**What you need to do**
A faithful, picture-free copy of the listing below is required.

**Data block**
[Start of section]
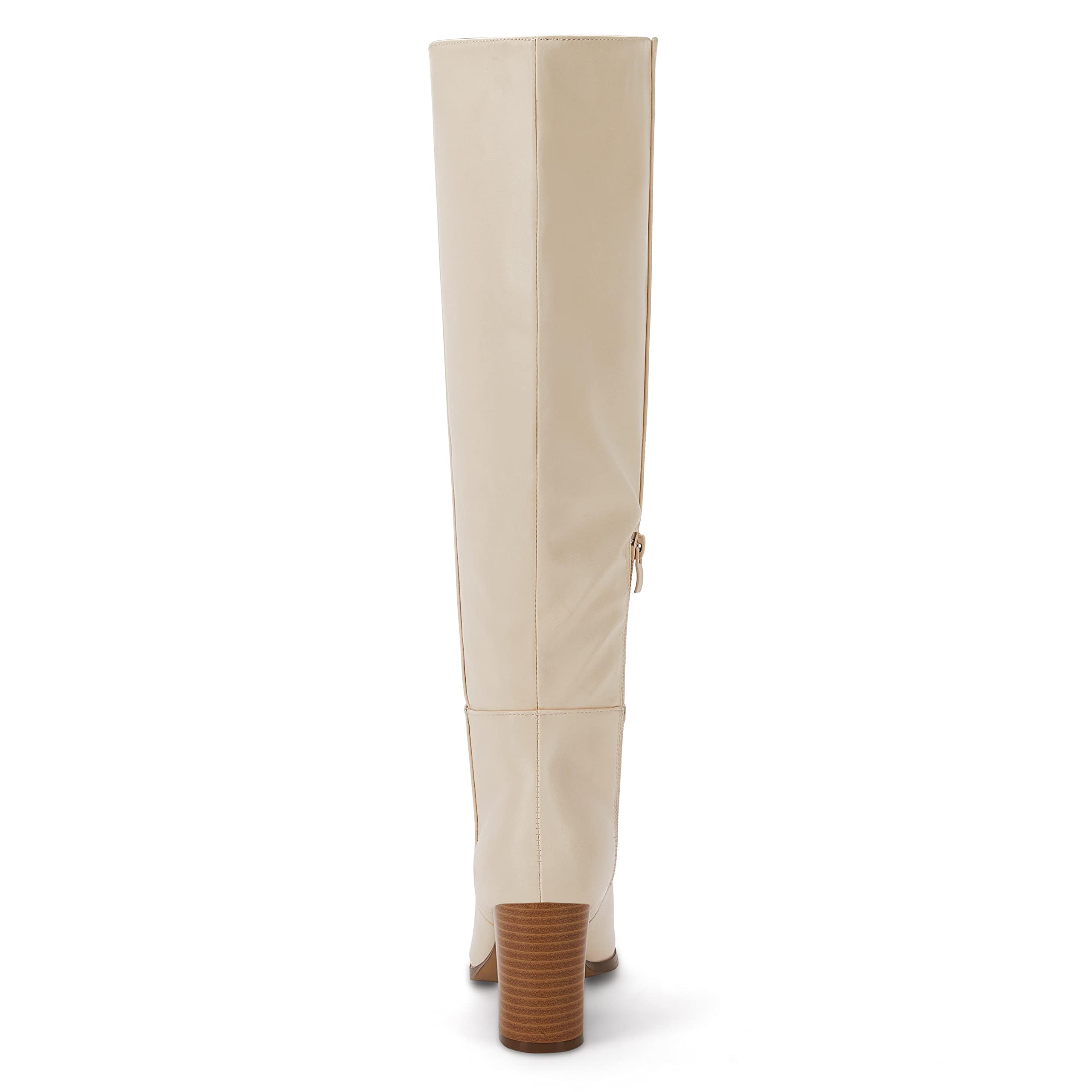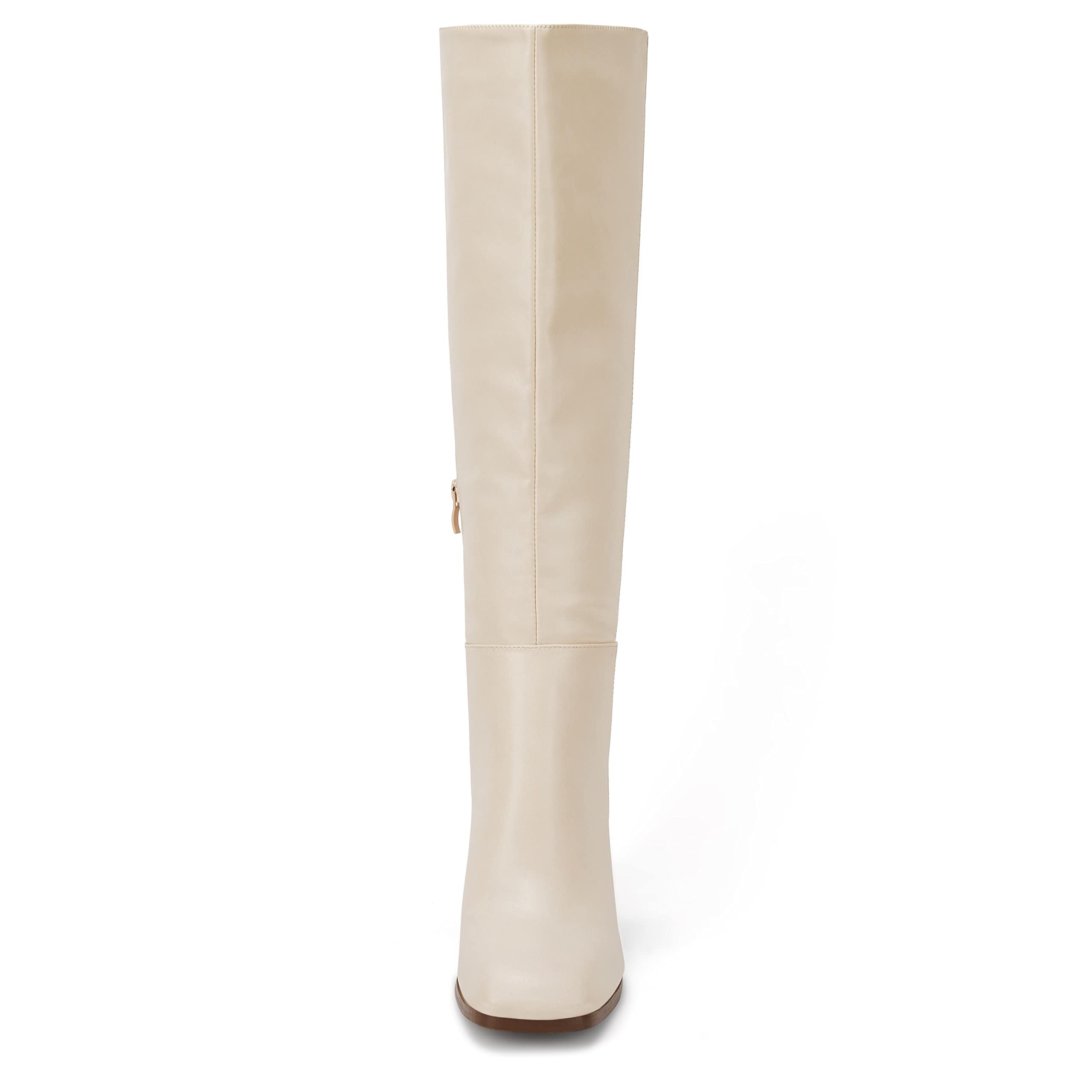 Nude Faux Leather Fashionable Chunky Block Knee High Boots
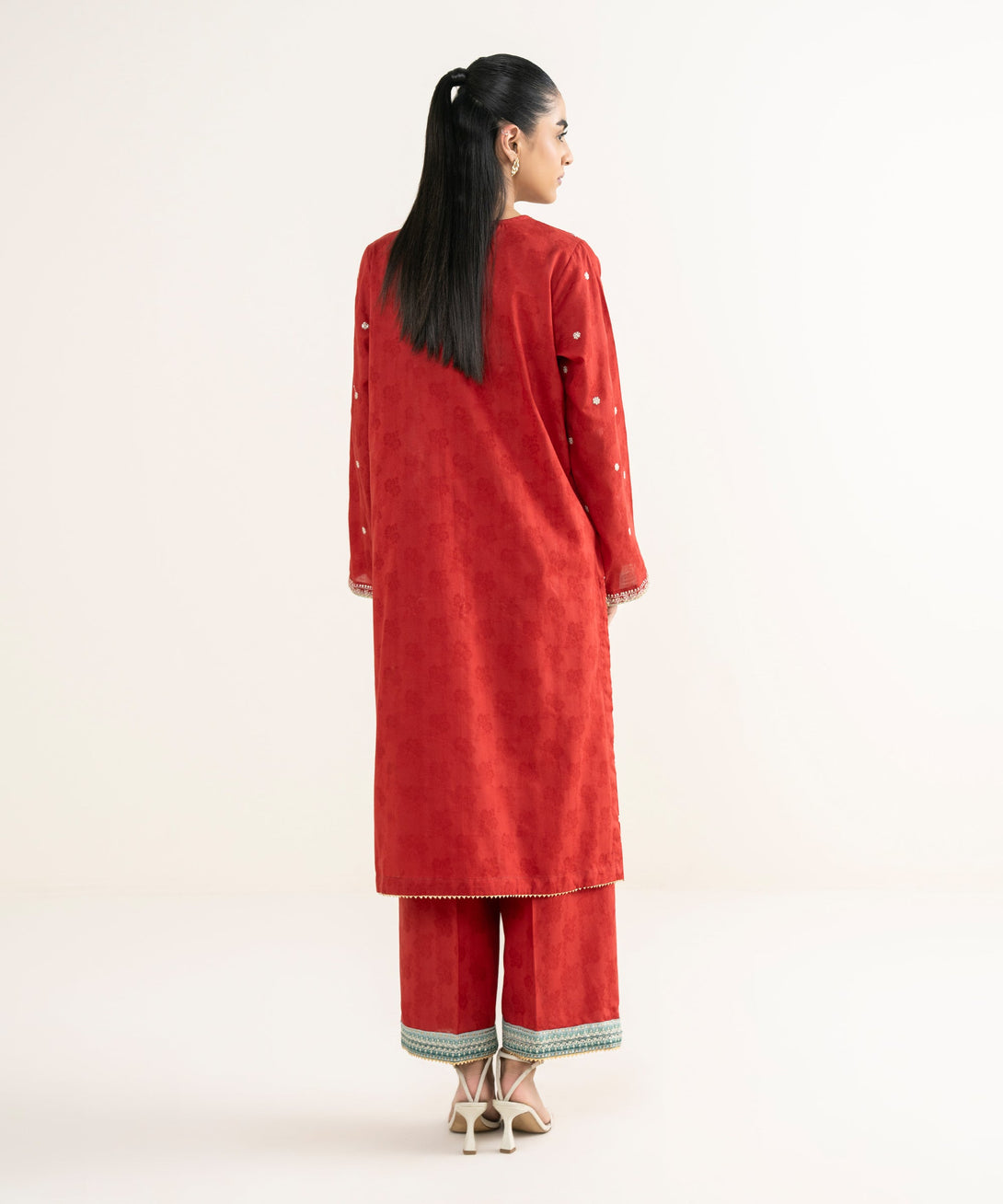 Upgrade your wardrobe with our embroidered red Self Jacquard straight shirt featuring a round neckline and slit.
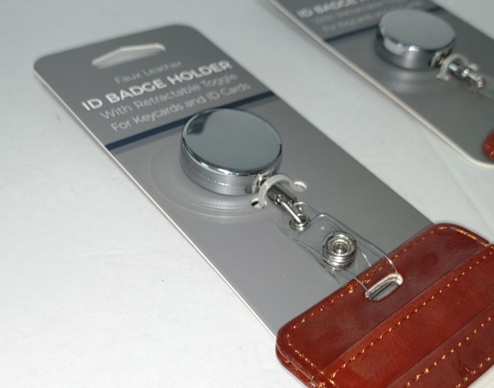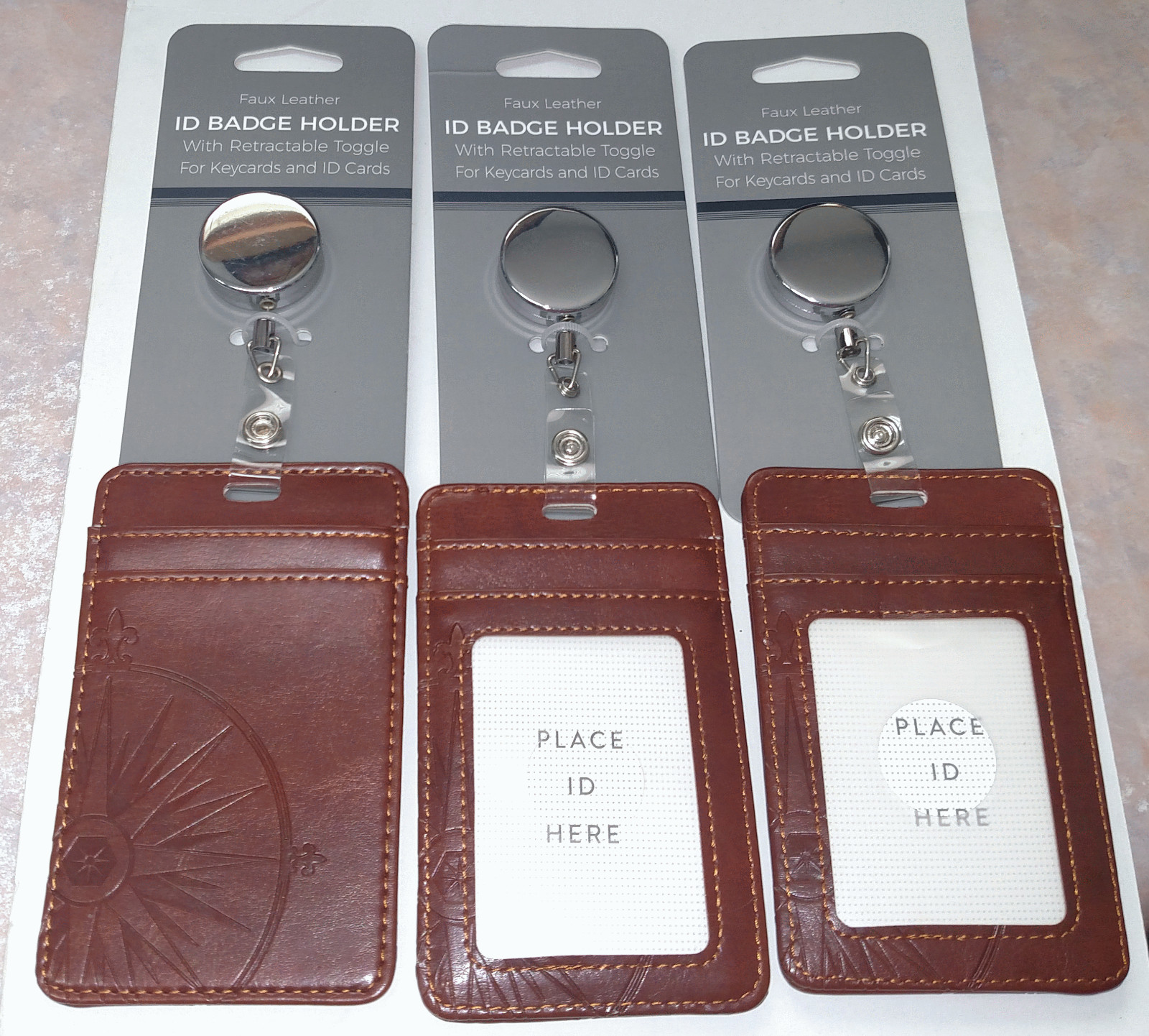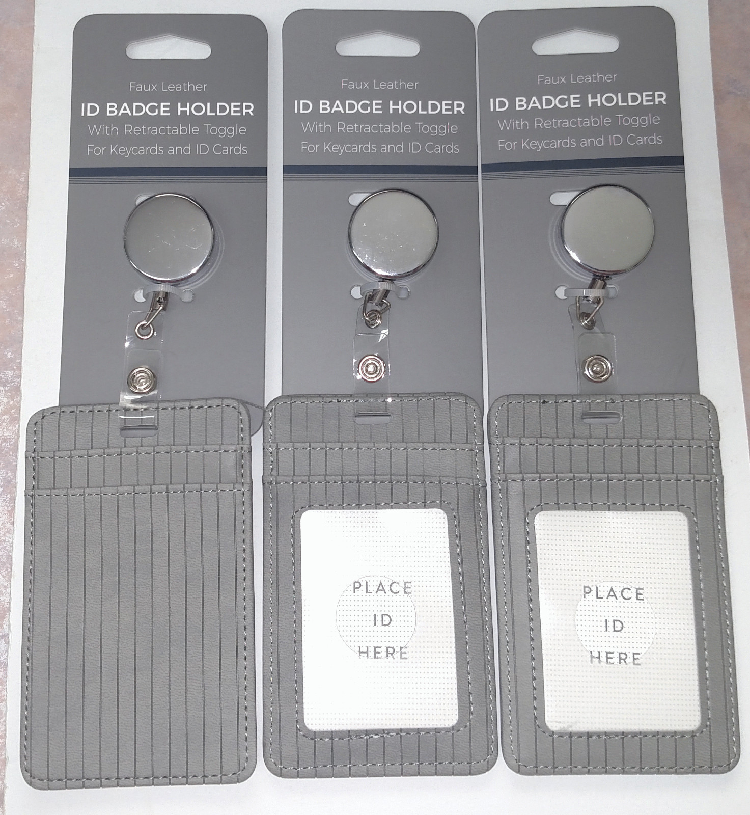 Faux Leather Retractable ID Badge Holders 3 Pack Grey Chocolate Brand New
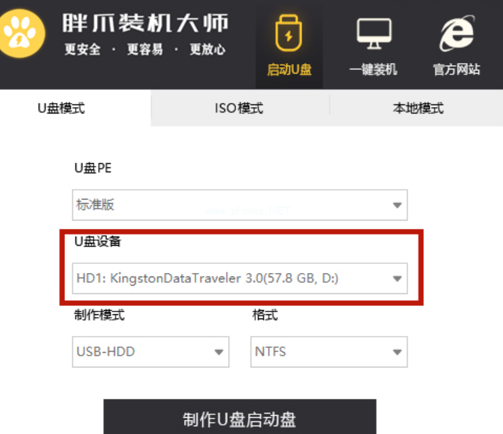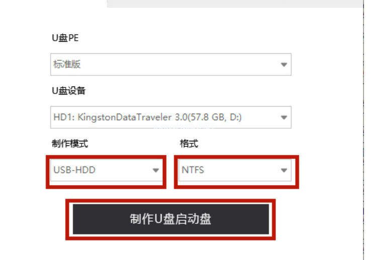 3、默認(rèn)將制作模式改為“USB-HDD”,格式改為“NTFS”后,點(diǎn)擊“制作U盤啟動(dòng)盤”;
[End of section]
**Solution for this task**
 Nude Faux Leather Fashionable Chunky Block Knee High Boots
 Upgrade your wardrobe with our embroidered red Self Jacquard straight shirt featuring a round neckline and slit.
 Faux Leather Retractable ID Badge Holders 3 Pack Grey Chocolate Brand New
 3、默認(rèn)將制作模式改為“USB-HDD”,格式改為“NTFS”后,點(diǎn)擊“制作U盤啟動(dòng)盤”;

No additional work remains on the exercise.